The fourth State of the Gulf of Mexico Summit was held on March 26–28, 2017 in Houston, Texas, including representatives from Cuba, Mexico, and the U.S. It was held in conjunction with the Gulf of Mexico Workshop on International Research.

== Center for Sportfish Science and Conservation ==
In fall 2012, The Coastal Conservation Association committed $500,000 for HRI to establish the first research center for the study of sportfish in the western Gulf of Mexico. The Harte Research Support Foundation contributed more than $300,000 to build an offshore research vessel, purchase other supporting equipment such as new vehicles, and other funding. The Center focuses on the many challenges to maintaining healthy populations, both inshore and offshore, to assure the best decisions are made in managing fisheries and the marine environment.

== Research Databases ==
- The HRI GulfBase website is a searchable and sortable database website for all Gulf of Mexico researchers and research institutes. It includes ever-increasing amounts of information on bays and lagoons, reefs and islands and events to help researchers, policy makers, and the general public work together to insure long-term sustainable use and conservation of the Gulf of Mexico.

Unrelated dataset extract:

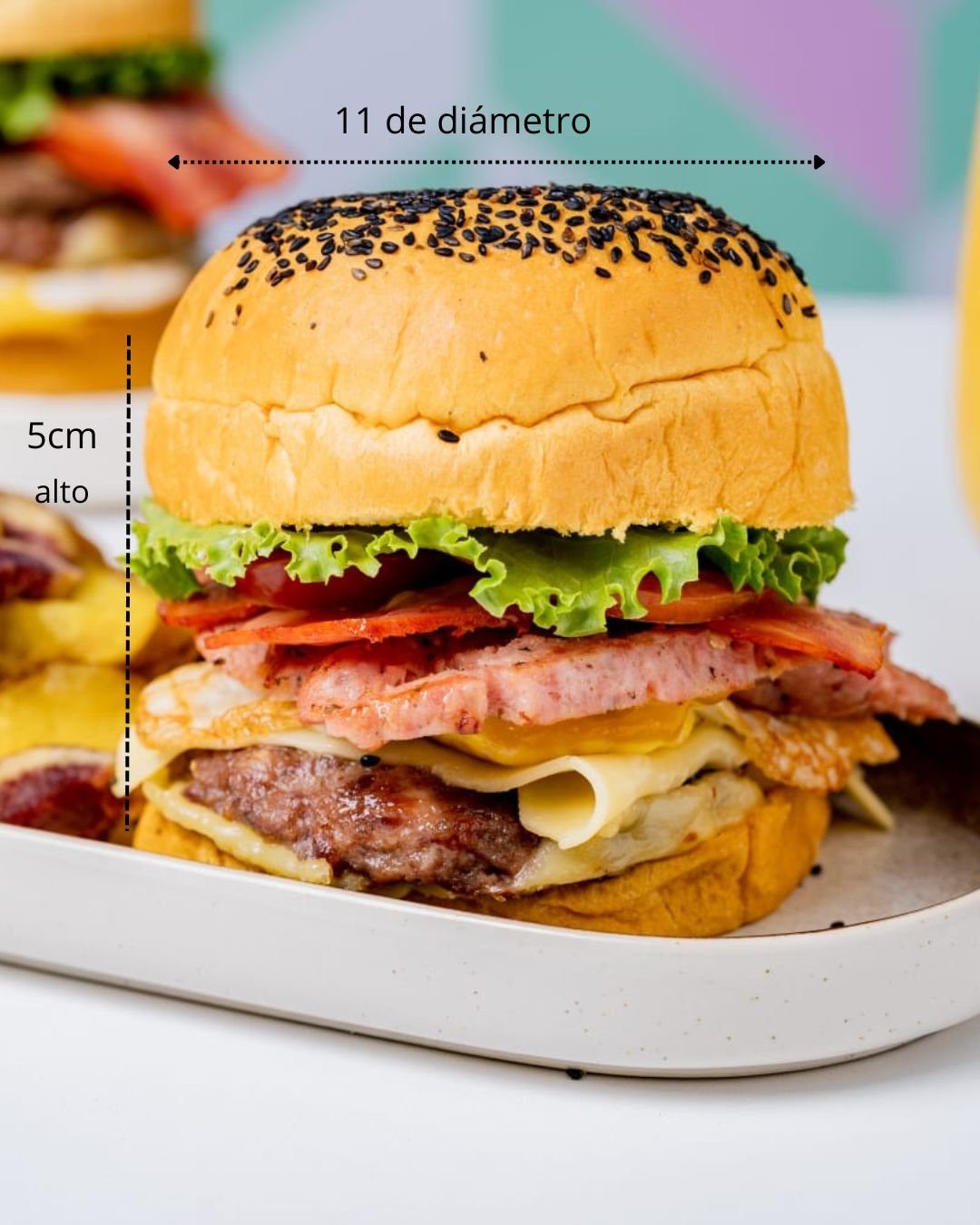 Disfruta nuestros panes brioche artesanales, en tamaño #11 de diámetro, elaborados con ingredientes seleccionados y una fermentación perfecta que les da una textura increíblemente suave y esponjosa. Su corteza dorada, delicadamente decorada con semillas, y su sabor ligeramente dulce los convierten en la base ideal para hamburguesas gourmet o para acompañar cualquier creación especial. Calidad, frescura y presentación premium en cada pieza. 🍞✨

- The Gulf of Mexico Research Initiative Information and Data Cooperative (GRIIDC) is implementing a research database to receive and process data collected from multiple sources and scientific disciplines in the Gulf of Mexico. GRIIDC will have web services to allow for direct access or machine-to-machine communication to its repository.
- The HRI Gulf of Mexico Ecosystem Services Valuation Database (GecoServ) is a searchable database that gathers ecosystem services (ES) valuation studies relevant to the Gulf of Mexico. GecoServ's two main goals are to allow for the distribution and sharing of information about such studies and to identify current gaps in the ES literature. The studies summarized there are for habitats relevant to the Gulf region even though they may have been conducted elsewhere.
- Freshwater Inflows is an ecosystem-based tool that was created to aid in coastal management decisions regarding freshwater inflow, which is an important component of estuarine health.